Prompt caching lets you avoid reprocessing the same prompt content on every request. When you send a long system prompt, tool definitions, or conversation history repeatedly, the LLM provider can cache that content and reuse it on subsequent requests — reducing both latency and cost.

The LLM Gateway supports prompt caching across all major providers, with each provider using its own caching mechanism:

ProviderCaching behaviorConfiguration required?
ClaudeExplicit opt-inYes — add cache_control to messages
OpenAIAutomaticNo — caching happens implicitly
GeminiAutomaticNo — caching happens implicitly

Cached input tokens are billed at a discounted rate compared to regular input tokens.
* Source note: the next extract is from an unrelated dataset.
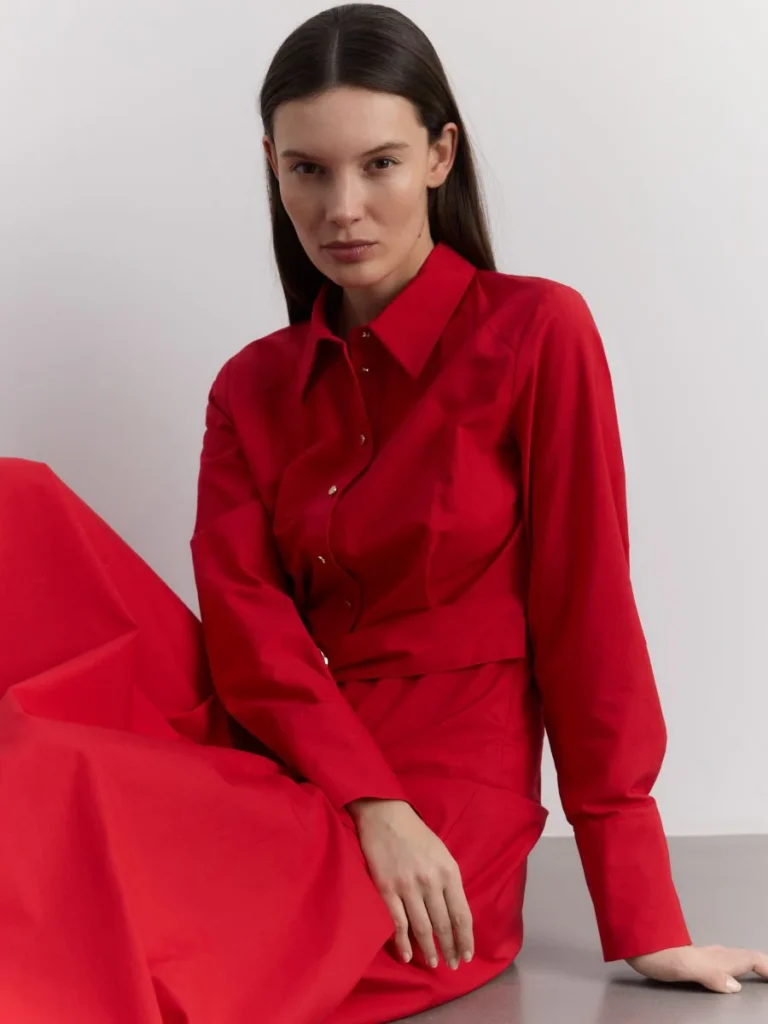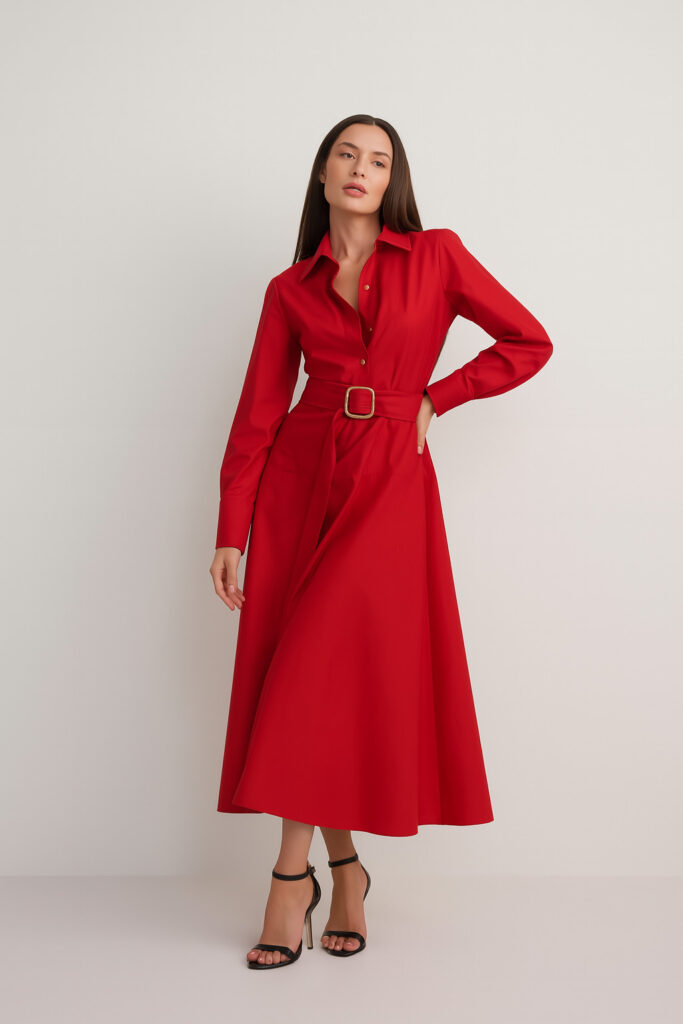 Vestido Chemise Linho com Elastano Vermelho

The exact discount depends on the model and provider.

Prompt caching only activates when the cacheable portion of your prompt meets a minimum token threshold. Claude requires at least 1,024 tokens (2,048 for certain models), and OpenAI requires 1,024 tokens. Shorter prompts won’t benefit from caching.

Claude models

Claude models require you to explicitly mark which content blocks to cache using the cache_control field. Add cache_control with type set to "ephemeral" on any message you want cached.

1import os
2import requests
3
4headers = {
5 "authorization": os.environ["ASSEMBLYAI_API_KEY"]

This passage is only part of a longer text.